Horoscope for the week of January 22, 1997

Aquarius | Jan. 20 to Feb. 18

Your white lightnin'-fueled backwoods hoedown turns out to be a dismal failure when the only people who show up are Swiss.

Aries | March 21 to April 19

You will be mortified beyond belief this week when you order the Cleveland Steamer in a seafood restaurant and discover it's a coprophiliac sex act.


Taurus | April 20 to May 20

You are labeled a menace to children this week when you invent a simple rubberband-powered pistol that fires crayons at 10,000 feet per second.

Gemini | May 21 to June 20

Your children run away from home when they discover the dalmatian puppy you gave them for Christmas is actually a spotted opossum.
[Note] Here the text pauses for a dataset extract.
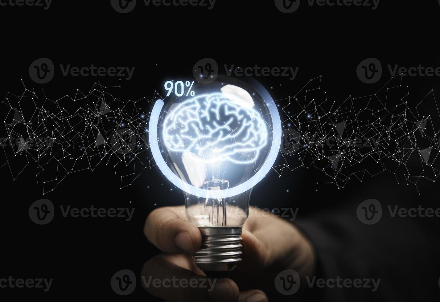 Businessman holding lightbulb with virtual brain and downloading icon progress for creative thinking solution and smart problem solving concept. Pro Photo
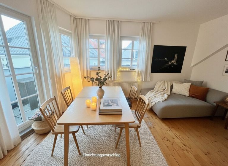 Highlights: - Zentrale Lage - 3-Zimmer Maisonettewohnung - 2 Schlafzimmer - Bad mit Dusche - Terrasse...

Cancer | June 21 to July 22

Your birthday is ruined when you realize that you do not own even a single crotchless garment and have no idea how to operate a pair of scissors.

Leo | July 23 to Aug. 22

Professional recognition comes to Leo this week when you develop a post-it note that burns upon contact with human flesh.


Virgo | Aug. 23 to Sept. 22

Your quest for peace and solitude is violently interrupted when Motor City Madman Ted Nugent decides to record his upcoming double live album in your bathroom.

Libra | Sept. 23 to Oct. 22

The love of your life will leave you this week when you confuse John Candy and Chris Farley for the 200th time.


Scorpio | Oct. 23 to Nov. 21

Hopes of fulfilling your most secret fantasy end when the man who offered to sell you naked photos of your mother turns out to be lying.

Sagittarius | Nov. 22 to Dec. 21

Nothing you attempt this week will succeed. Postpone your suicide.


Capricorn | Dec. 22 to Jan. 19

You inch closer to a state of universal love this week when you realize that you don't really mind Ryan.

Pisces | Feb. 19 to March 20

Your theory concerning the fall of the Roman Empire is proven correct this week when archeologists unearth statues of The Troggs in Italy.